String name = 'Ada';
String? nickname;
if (nickname != null) {
print(nickname.toUpperCase());
}

String cannot contain null. String? can. This is sound null safety, as the analyzer and compiler can reject many null mistakes before runtime.

Useful operators:

final displayName = nickname ?? name;
final length = nickname?.length;
final forced = nickname!;

! is a promise that the value is not null. It is useful at trusted boundaries, but it moves the failure back to runtime.

Lists, sets, and maps have literal syntax.

final numbers = <int>[1, 2, 3];
final tags = <String>{'flutter', 'dart'};
final counts = <String, int>{'likes': 12, 'reposts': 3};

Collection literals support conditions and loops.

final visible = [
'home',
if (isSignedIn) 'profile',
for (final item in extraTabs) item,
];

Functions are first-class values. They can be named, anonymous, or written as single-expression arrow functions.

int add(int a, int b) => a + b;
final doubled = [1, 2, 3].map((n) => n * 2).toList();

Dart has positional parameters, optional positional parameters, and named parameters.

void log(String message, [String level = 'info']) {}
void createPost({required String text, String? replyTo}) {}

Named parameters make call sites readable when a function takes multiple related values.

Classes are the standard unit for data and behavior.

class Profile {
Profile({required this.did, required this.handle});
final String did;
final String handle;
String get mention => '@$handle';
}

Dart supports single inheritance, interfaces through implements, abstract classes, mixins, extension methods, enhanced enums, and sealed class hierarchies.

sealed class LoadState {}
final class Loading extends LoadState {}
final class Loaded extends LoadState {
Loaded(this.items);
final List<String> items;
}

Sealed classes pair well with pattern matching.

switch (state) {
case Loading():
print('loading');
case Loaded(:final items):
print(items.length);
}

Dart uses Future for one eventual value and Stream for a sequence of asynchronous values.

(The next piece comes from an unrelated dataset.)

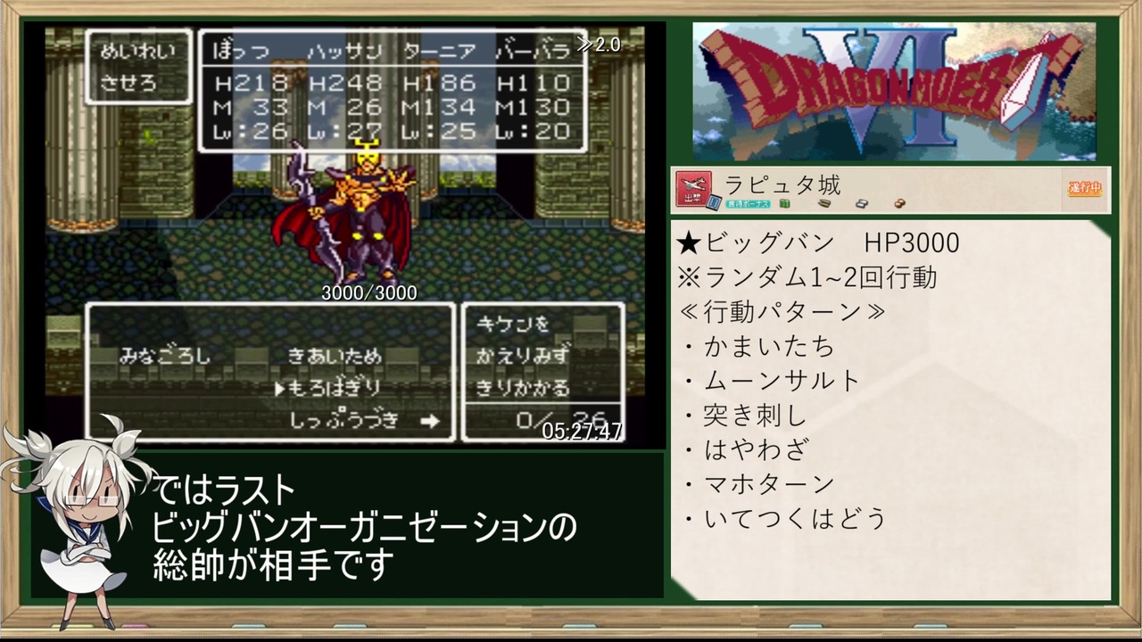 ラピュタはよみがえるさ!<br><br>【GAME】 <br>ドラゴンモエストⅥ(Ver.1.5)<br>計測区間:ゲーム開始~THE END羽ペン消失まで<br>エミュ:SNES9X<br><br>【内容】<br>・バーバラエンド<br>・エミュのチート機能ほかバグの使用禁止<br>・淫夢要素なし<br>※ドラゴンクエスト6(DQ6)の改造ROMです<br><br>【<a href="https://www.nicovideo.jp/mylist/66082955" target="_blank" rel="noopener">mylist/66082955</a>】 <br>PREV≫<a href="https://www.nicovideo.jp/watch/sm35555880" class="watch">sm35555880</a><br>NEXT≫<a href="https://www.nicovideo.jp/watch/sm35583430" class="watch">sm35583430</a><br><br>Part.1≫<a href="https://www.nicovideo.jp/watch/sm35425017" class="watch">sm35425017</a><br><br>☆こちらもどうぞ★<br>前作≫56ターンでガリアを救う戦場のヴァルキュリア≫<a href="https://www.nicovideo.jp/watch/sm35127368" class="watch">sm35127368</a><br>other Cielo’s title <br>【<a href="https://www.nicovideo.jp/mylist/50418741" target="_blank" rel="noopener">mylist/50418741</a> 】<br><br>twitter <a href="https://twitter.com/Cielo_Polo" target="_blank" rel="noopener nofollow">https://twitter.com/Cielo_Polo</a>

Future<String> fetchName() async {
final response = await client.get('/profile');
return response.name;
}
Stream<int> ticks() async* {
for (var i = 0; i < 3; i++) {
yield i;
}
}

Flutter code uses these constantly for network requests, database work, timers, subscriptions, and UI state that arrives later.

Dart imports core libraries, packages, and local files.

import 'dart:math' as math;
import 'package:http/http.dart' as http;
import 'src/profile.dart';

Package code is resolved through pubspec.yaml and pub.dev.